Olsen, a low-key introvert who spends her spare time in her Crockett basement reading sci-fi novels and physics books, had played keyboards in other people’s bands. But this new attention on an admittedly strange project she thought would never see the light of day thrilled and terrified her at the same time. “I guess I had been scared shitless before,” she says. “But this was my first time performing my own music, which was so exciting in a whole new level of shitting my pants.”
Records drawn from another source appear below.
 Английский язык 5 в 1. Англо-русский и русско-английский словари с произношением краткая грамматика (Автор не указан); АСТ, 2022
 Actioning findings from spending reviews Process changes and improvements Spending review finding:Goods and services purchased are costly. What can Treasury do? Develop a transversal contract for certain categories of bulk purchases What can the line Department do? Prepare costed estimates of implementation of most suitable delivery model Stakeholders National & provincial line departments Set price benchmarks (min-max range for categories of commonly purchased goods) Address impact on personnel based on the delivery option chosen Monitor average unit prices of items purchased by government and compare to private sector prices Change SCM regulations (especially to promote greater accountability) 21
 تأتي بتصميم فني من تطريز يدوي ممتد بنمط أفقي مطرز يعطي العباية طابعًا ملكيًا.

But the risk of baring her soul in front of a national audience paid off, and things only went up from there. The producer PBDY from Brainfeeder was one of Olsen’s first followers on SoundCloud, and he introduced her music to label boss Flying Lotus, an experimental producer and one of Olsen’s idols. “And somehow FlyLo decided he wanted me on his label,” she says, her pitch rising with excitement. “I’m still freaking out about it, to be honest.”
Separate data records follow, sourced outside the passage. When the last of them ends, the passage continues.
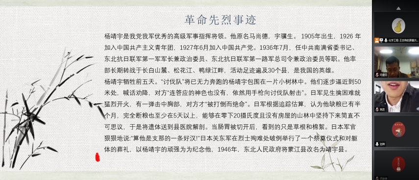 为传承红色精神,缅怀革命先烈,增强老员工的历史责任感和使命感,4月4日,硕研2019学硕团支部开展了“传承红色经典,致敬革命先烈”清明节专题云团日活动。本次活动由团支部书记王世伟主持,支部全体成员在线参与。活动伊始,团支部书记在线分享了几位革命先烈的英勇事迹,让同学们体会到了今天和平盛世的来之不易。随后,大家一同观看专题影片,学习党一百年来波澜壮阔的历史,以在线献花、发表感言的方式致敬先烈。最后,大家就当代老员工如何在日常生活中继承和发扬红色精神这一论题,畅所欲言。活动结束后,同学们纷纷表示,要铭记革命先烈的伟大功绩,珍惜当下来之不易的幸福生活,努力学习,增长才干,做社会主义事业坚定的捍卫者和建设者。
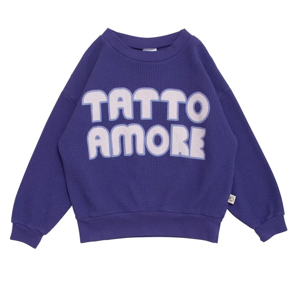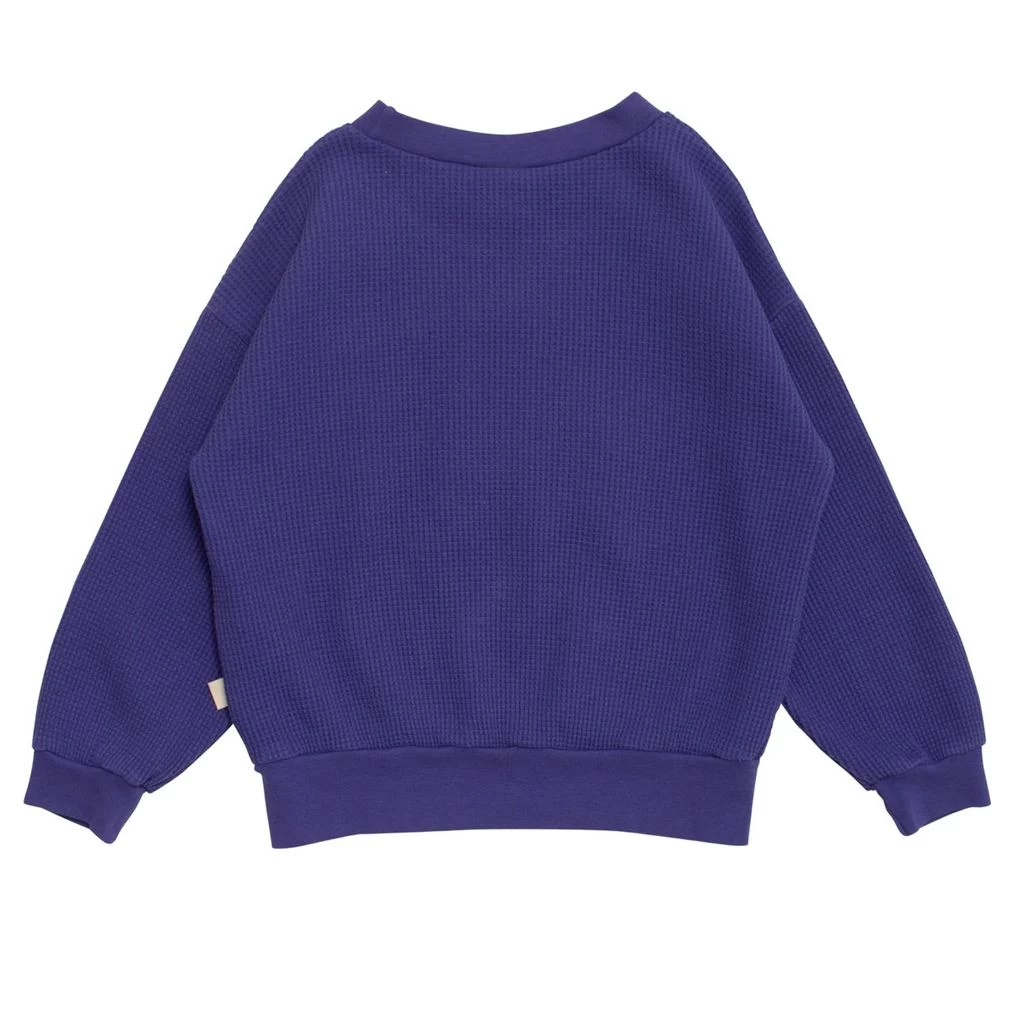 An on-trend and comfortable sweatshirt for everyday life. Blue Tatto sweatshirt by Wynken. The sweatshirt has a relaxed fit. It has a waffle weave design, a print at the front and ribbed cuffs.
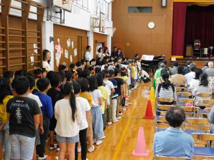 延期になっていた音楽会を開催することができました。お忙しい中、お越しいただいた保護者の皆様、地域の皆様、ありがとうございました。まずは、児童会会長の「NO MUSIC,NO HOUJO」のあいさつ、校歌をみんなで合唱してスタートです。
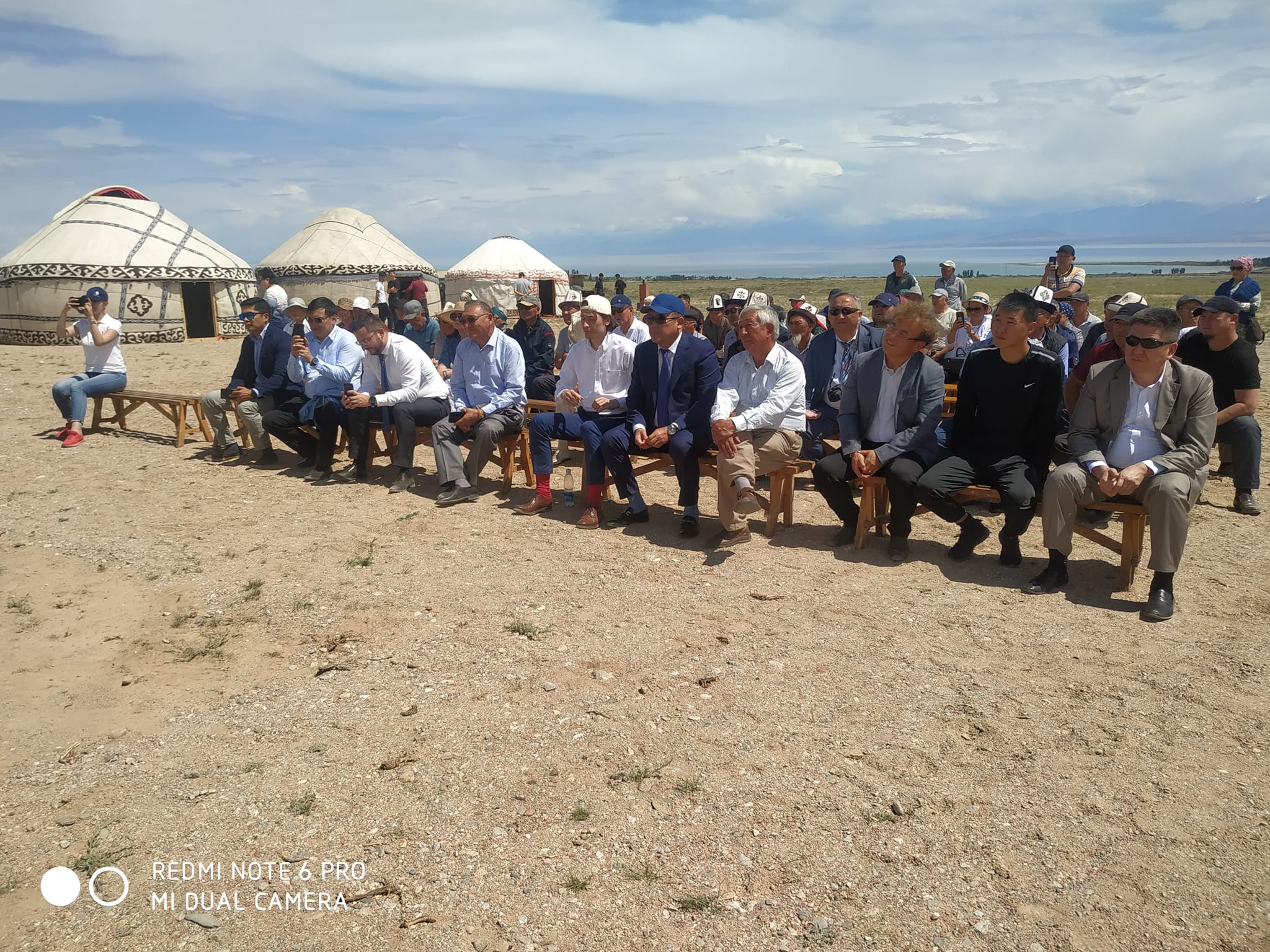 Казакстандын Кыргызстандагы элчиси, россиялык Хевел компаниясынын өкүлдөрү жана жергиликтүү эл катышып жатат», - деп жазган ал.
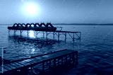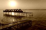 Travel background of pedal boats with piers over sunset at lake Balaton in Hungary
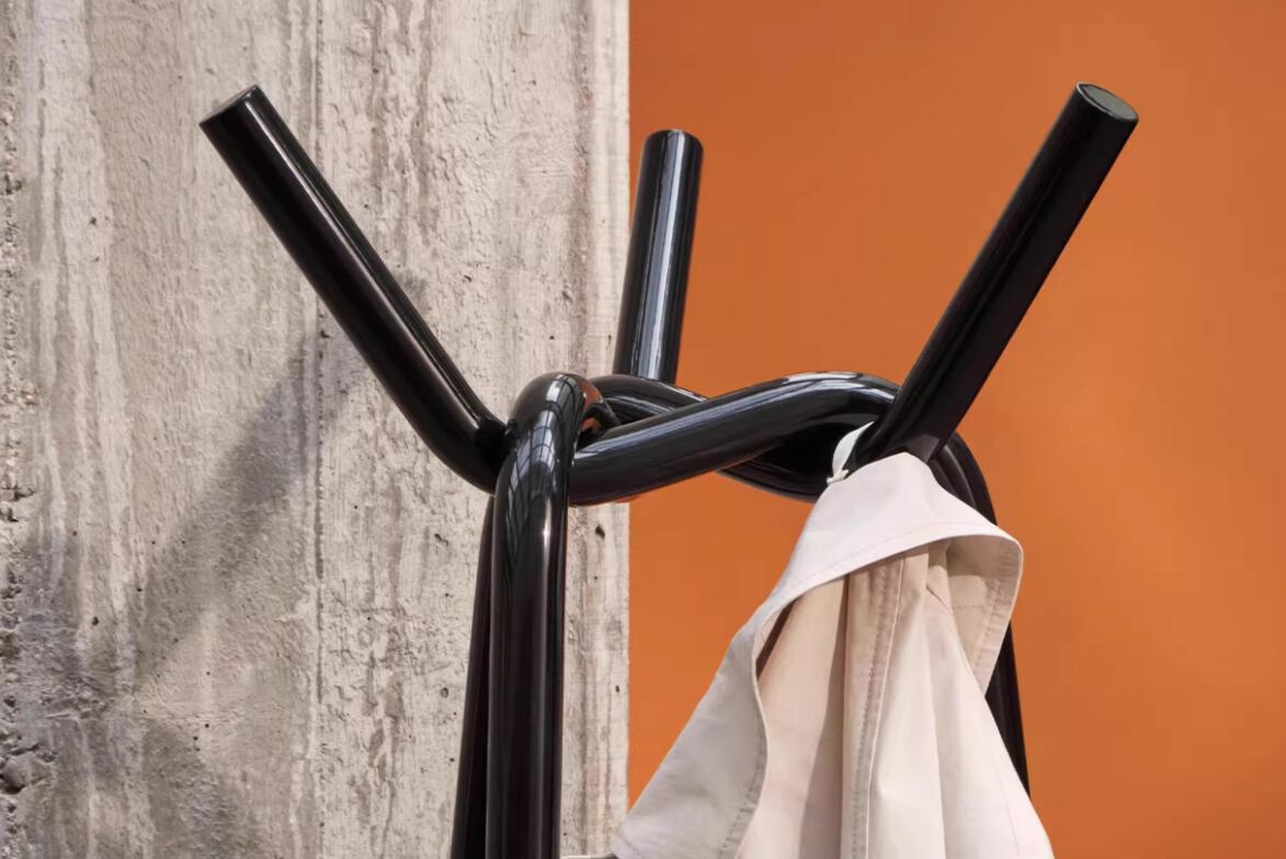 日本人デザイナー、倉本 仁がデザインしたシンプルで象徴的なコートラックKNITは、ユニークな彫刻的デザインが特徴です。

Salami Rose Joe Louis (Lindsay Olsen) with paintings by Muzae Sesay.
Salami Rose Joe Louis (Lindsay Olsen) with paintings by Muzae Sesay. (Nastia Voynovskaya)

Days ahead of her national tour with Flying Lotus, which kicked off this week, Olsen says she’s still starstruck, remembering a show in Los Angeles a year and a half ago where she met Flying Lotus for the first time. Just before going on stage, Olsen found out that he and the bassist Thundercat, two of Brainfeeder’s most celebrated acts, were in the audience. Overcome with nervousness, she didn’t know what to do, so she pulled out a dinosaur finger puppet on stage. “Sometimes when I’m scared, I go into bizarre mode,” she says, laughing. “That was how I coped with meeting my heroes.”

Now that she’s signed to one of the country’s most popular avant-garde labels, Olsen is still in disbelief; she humbly calls it blind luck. Four years ago, she thought she’d quit her music career for good when took a job as a researcher in a chemical oceanography lab. But music kept calling: “I started coming late to the lab because I was writing music, and I kept missing the first hour of my job,” she says. “Slowly, I became a very bad lab employee.”

Now, her solo work which she once considered a hobby has a giant audience, and has propelled her on a new path.

“I always thought it was too weird,” she says, exhaling with relief. “I never thought I would show it to anybody besides friends.”